WORK REQUEST: Write out, word for word, each line from the start of the entries through the one holding "记得当年只要完成主线任务就会"; omit the pictures.

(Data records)

______

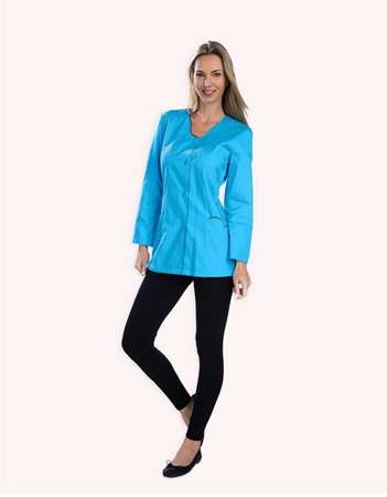 Tunique femme, manches longues transformables, fermeture par pressions, 2 poches basses, 1 poche BIP, 1 poche poitrine, 2 fentes dos, longueur 75cm
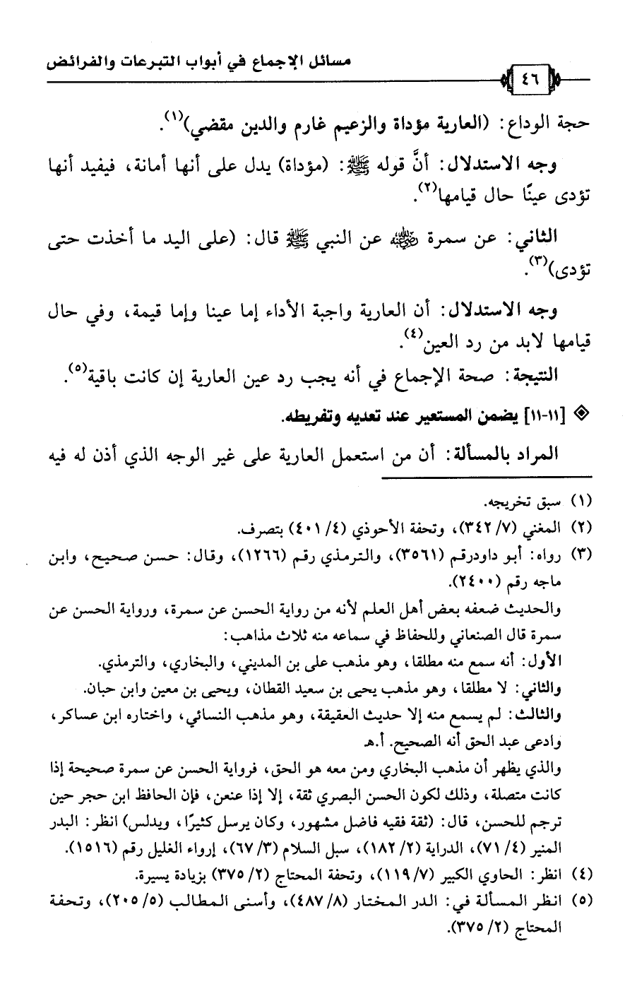 حجة الوداع: (العارية مؤداة والزعيم غارم والدين مقضي) (¬1).
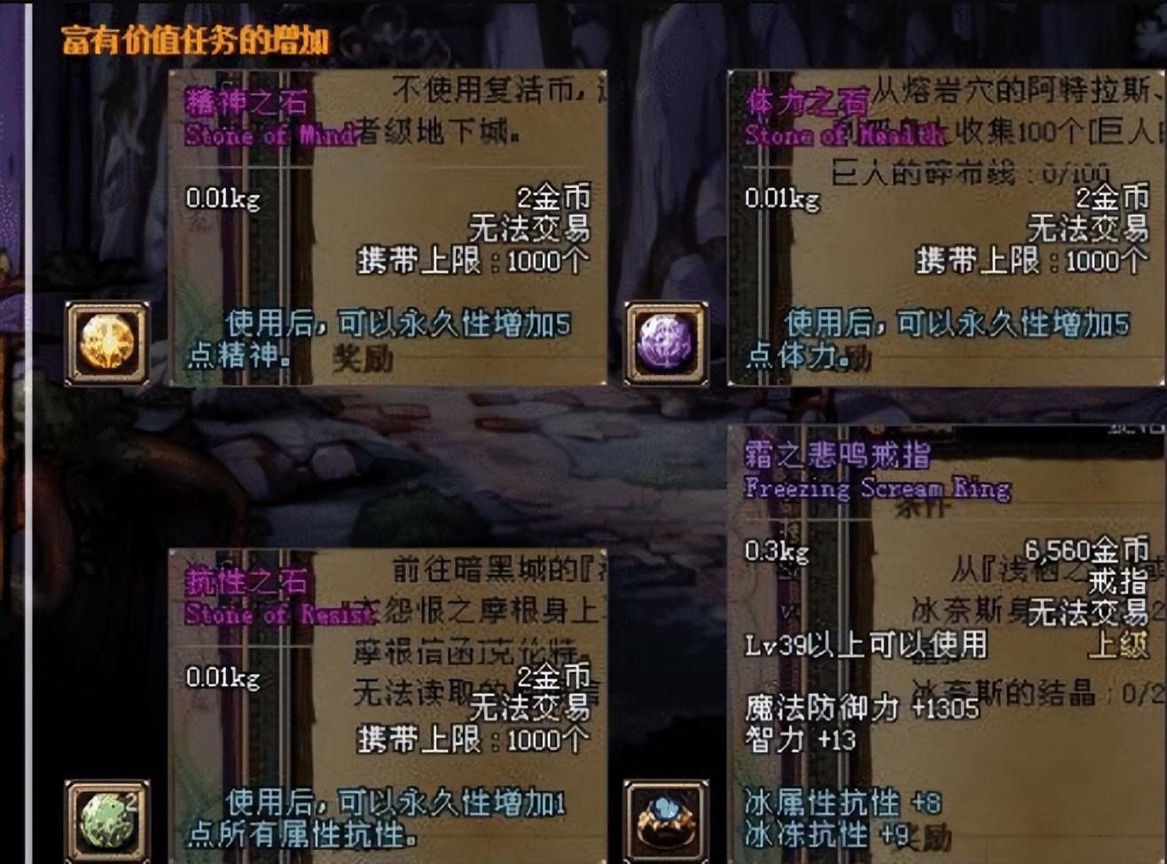 记得当年只要完成主线任务就会送各种属性石头,虽然不多,但这可都是免费送的,一些特殊的支线任务也是会送属性石头的。
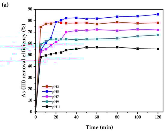 The influence of contact time on the arsenic (III) adsorption capacity of the 50:50 ZnO-CuO nanocomposite was evaluated at varying pH levels, as depicted in Figure 5a. It was evident that the amount of arsenic adsorbed rapidly increased during the initial stages of contact between the adsorbate and the adsorbent. This was followed by the attainment of adsorption equilibrium after 120 min for all tested pH conditions. The initial rapid uptake indicates fast diffusion and accessibility of the arsenic species to the binding sites on the nanocomposite surface. The plateau after 120 min signifies saturation of the available adsorption sites. The fast adsorption kinetics are beneficial for potential applications, as they would require shorter residence times.
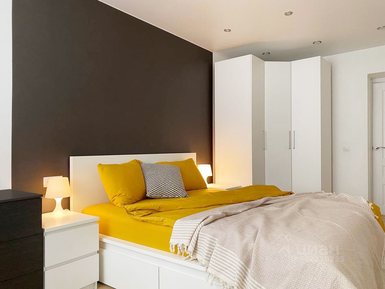 В спальне - 2х-спальная кровать с ортопедическим матрасом.
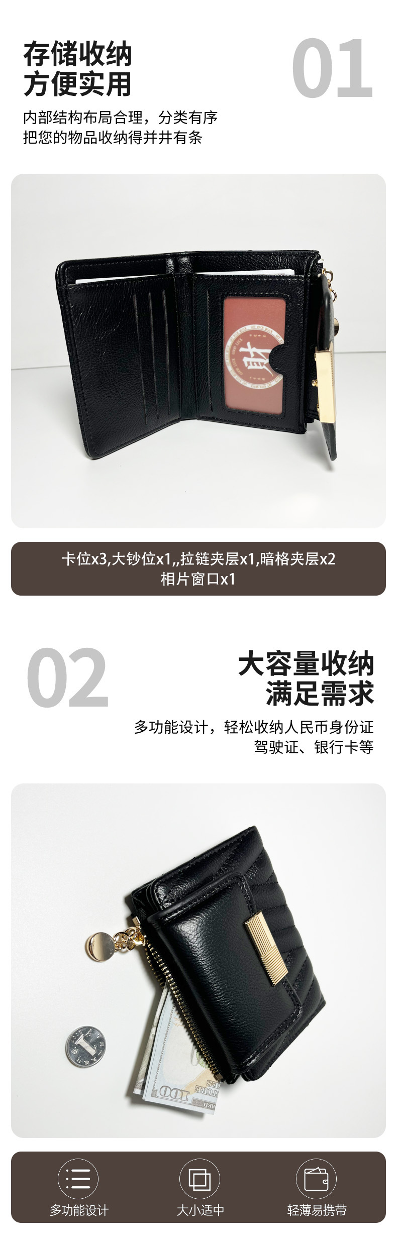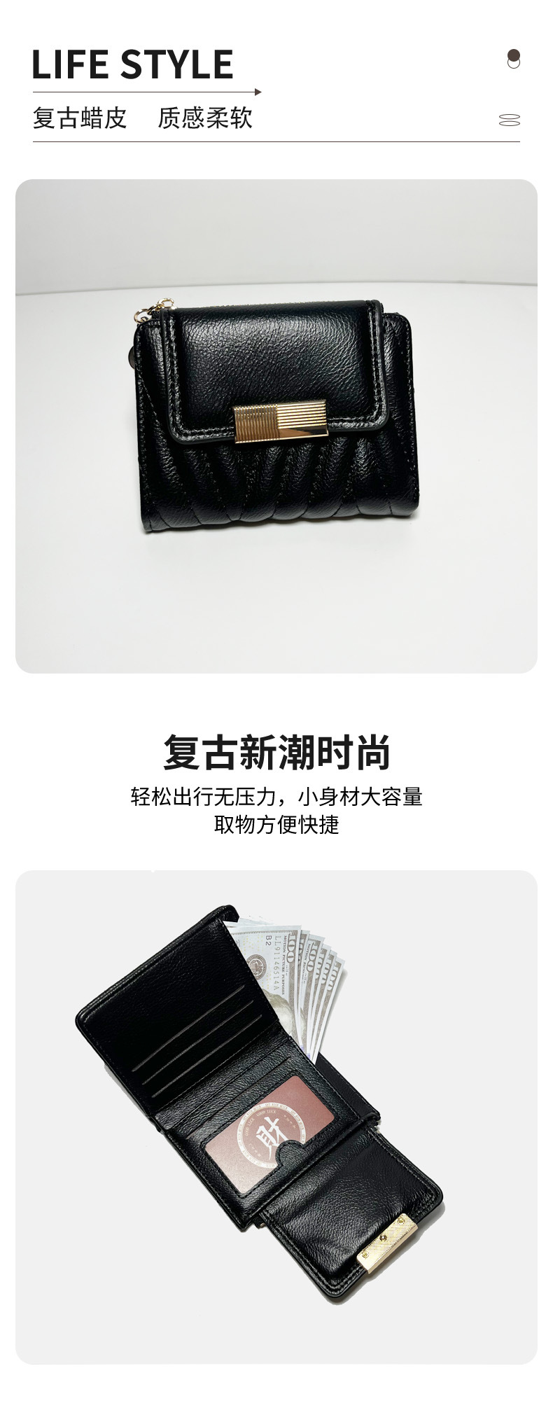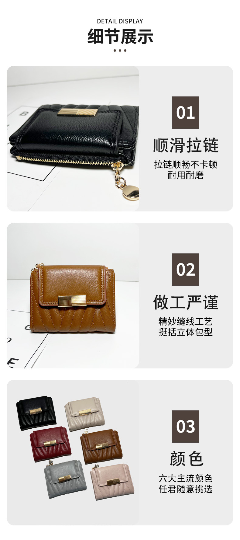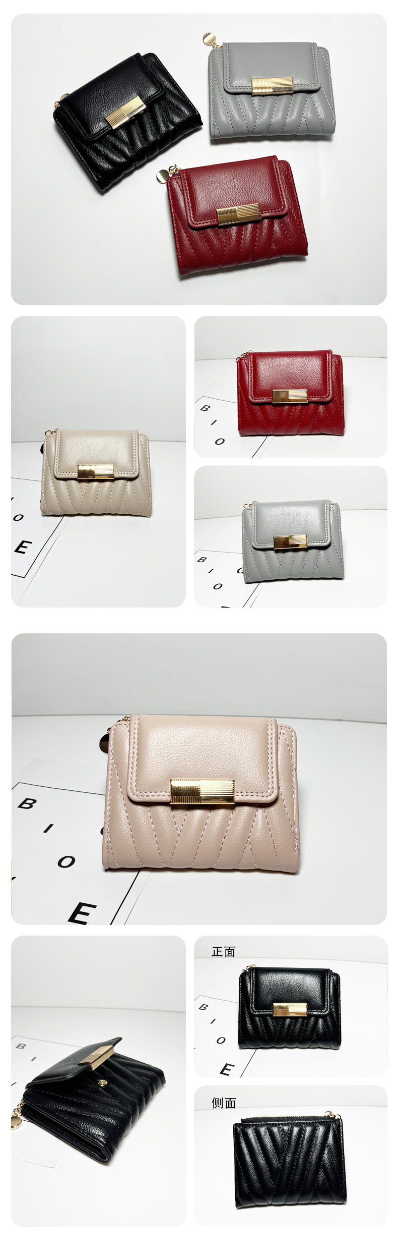 外贸热销女士钱包短款韩版小众气质纯色二折包大容量PU手拿包批发
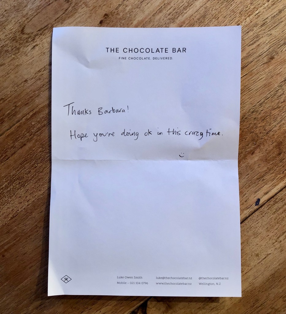 So we stay ‘Level 2 Delta’ here in New Zealand for another week, while Auckland remains tightly locked down at Level 4. This has come as nor surprise, but a little disappointing of course. Still, vaccination take-up is still on the rise, though a whole lot more people need to get along and get ‘jabbed’. Anyway, we moved from Level 3 to Level 2 on Wednesday, and this meant that I could keep my chiropractor and dental hygienist appointments, as well as go back to Pilates in the studio. While a visit to the dental hygienist is not necessarily a small pleasure, being able to go was – I am sure you all know what I mean! I went back to the office today, but was delighted to come home and find not only a cat happy to see me but a new supply of posh chocolate from The Chocolate Bar. We’ve still got a bar and a couple of bits left from my last order to enjoy as well – and isn’t the note that came with the chocolate just so nice?
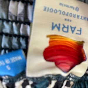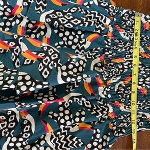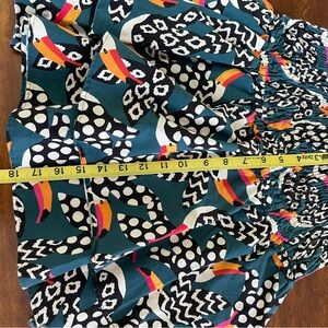 Super cute ruffled skirt. Blue/green teal background with black, white, yellow, red and pink. Elastic/smocked waist. 2 small tears near hem as shown.

______

EXERCISE ANSWER:
 Tunique femme, manches longues transformables, fermeture par pressions, 2 poches basses, 1 poche BIP, 1 poche poitrine, 2 fentes dos, longueur 75cm
 حجة الوداع: (العارية مؤداة والزعيم غارم والدين مقضي) (¬1).
 记得当年只要完成主线任务就会送各种属性石头,虽然不多,但这可都是免费送的,一些特殊的支线任务也是会送属性石头的。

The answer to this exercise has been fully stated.